Treinamentos superficiais nem sempre são suficientes, como relatam Maitê e Sílvio Petroli Neto, gestor da área de Inovação Acadêmica do Centro Universitário de Jaguariúna (Unifaj). Ambos contam que tiveram de refazer a estratégia de capacitação dos educadores depois de verem os primeiros esforços frustrados.
Fazer o aluno entender o novo modelo também não é fácil. Algumas instituições preferem apresentar detalhadamente a metodologia inovadora depois que o aluno já está matriculado, decisões tomadas pela Unifaj e pelo Centro Universitário Braz Cubas.
“Pelo histórico, os ingressantes chegam com outra expectativa em relação ao ensino. Eles passaram praticamente 12 anos ouvindo os professores falar. Mas a experiência que propomos é totalmente diferente e eles precisam de um tempo para entender e se adaptar”, afirma José Carlos Pacheco Coimbra, pró-reitor acadêmico da Unifaj.

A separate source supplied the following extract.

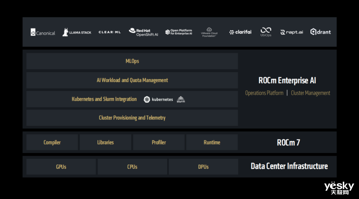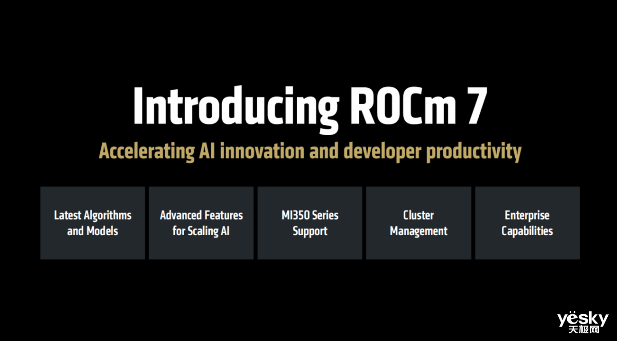 先来看ROCm 7,围绕最新的模型与算法支持、最新的AI特性、MI350系列等新硬件支持、集群管理与企业级特性、提供对AMD Radeon和Windows更广泛支持等方面带来提升,以加速AI创新和提升开发者使用效率。AMD提到,ROCm 7及其新特性将于2025年第三季度全面上线。

Apesar do receio, a recepção dos modelos é boa, garantem os gestores acadêmicos. Na Braz Cubas, houve até o caso de um aluno que decidiu recomeçar o curso para participar do novo modelo. As turmas já iniciadas permanecem inalteradas.
Como são trabalhados conhecimentos, habilidades e atitudes, a avaliação também muda para abarcar esses aspectos. Algumas instituições adotam maior rigor em relação à evolução do aluno nessas três frentes, enquanto outras seguem a linha do acompanhamento e da orientação. Todos os casos, porém, mostram a preocupação com os aspectos não técnicos da formação. Ao que tudo indica, os aspectos comportamentais ganharam relevância nos projetos pedagógicos das instituições de ensino – e isso só deve crescer.